Um dia, durante uma de suas famosas corridas com gritos, a criança teve o azar de cruzar o caminho de uma mulher má, muito má. A mulher má deliberadamente estendeu o pé quando a criança passou por ela. Ela tropeçou no pé da mulher má, caiu de boca no chão, quebrou o nariz e todos os dentes. Ups! Noooosssssaaaaaa! Que horroooooooorrrrrr! Mas é má, muito má, essa mulher, heim? Pobre criança!

Ao ouvir o ruído dos gritos ser substituído por um choro escandaloso de dor, a mulher má soltou sua gargalhada perversa: HUA-HUA-HUA-HUA-HUA-HUA-HUA!!! Mas esta mulher é uma bruxa! Achando graça da dor de uma pobre criancinha indefesa.

Tudo isso esta sendo contado como um alerta a todas as mães. Controlem seus filhos. Temam por eles. Nunca se sabe quando alguma dessas mulheres más, que gostam de afogar crianças ou alimentar seus ferozes cães pit bull com elas, aparecerá querendo fazer mal ao seu anjinho.


Como diz a Irmã Selma: cuidar de criança é uma coisa que relaxa a gente.


quarta-feira, 2 de dezembro de 2009

Naquele dia...


E então o inesperado aconteceu.

Foi naquele dia em que toda a dor e sofrimento dos meses anteriores culminaram. Dor e sofrimento insignificantes aos olhos alheios, mas tão reais que tornavam respirar uma tarefa árdua e inglória.

Foi naquele dia em que o elefante sentado em seu peito recusou-se a levantar, sufocando-a.
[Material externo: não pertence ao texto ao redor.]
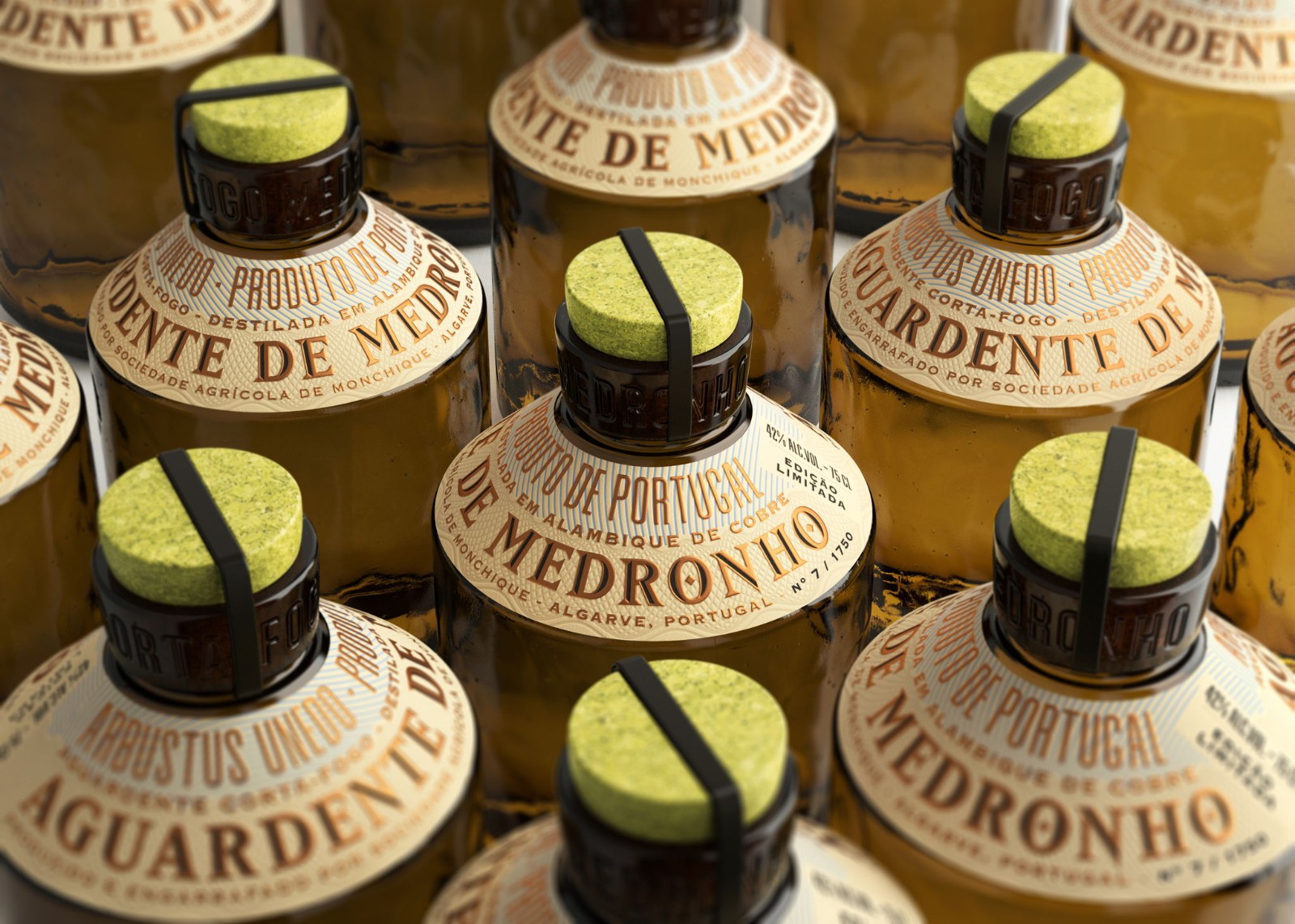 我希望瓶子的有機(jī)質(zhì)地因其裸露而脫穎而出,傳達(dá)與自然和 Medronho 工藝生產(chǎn)的聯(lián)系。在創(chuàng)作過程中,很明顯,標(biāo)簽需要一個不尋常的指定空間,以避免與瓶子競爭。令人驚訝地發(fā)現(xiàn),當(dāng)我們從明顯的聚光燈下移除標(biāo)簽時,它變成了一個更強(qiáng)大的設(shè)計元素。

Quando as lágrimas mais densas escorreram dolorosamente pelo seu rosto, molhando-lhe a blusa e deixando-lhe os olhos inchados.

Foi naquele dia em que todos os sonhos pareceram se dissipar, como uma nuvem de fumaça que depois de um tempo desaparece no ar. Toda a esperança morreu, naquele dia.

Com as pernas fracas, os olhos já secos, o corpo cansado de segurar este peso, toneladas demais para tamanha fraqueza, ela percorria as ruas olhando para todos os lados, mas sem nada enxergar.

E então o inesperado aconteceu.

Uma garoa fina surgiu, mal dava pra senti-la, e foi aumentando de intensidade até se transformar em uma chuva torrencial. Ela não correu. Parou em meio à calçada, deixando-se encharcar. Sentiu cada gota que molhava seu corpo, escorregava por seus cabelos e lhe escorria no rosto. O gosto tão diferente das gotas anteriores que lhe tomaram a face, lágrimas salgadas e amargas. Essas não. Essas eram doces e suaves.

De repente o corpo fez-se leve, como se pudesse voar a qualquer momento. Um raio de sol surgiu em meio às nuvens negras, fazendo brilhar os pingos de chuva e tornando mais coloridas as flores e as copas das árvores. Ela então sorriu, fechou os olhos e abriu os braços. E sentiu-se livre, pela primeira vez em muito tempo.

O inesperado aconteceu. Ela soube então que tudo estava bem, afinal. Tudo sempre ficaria bem.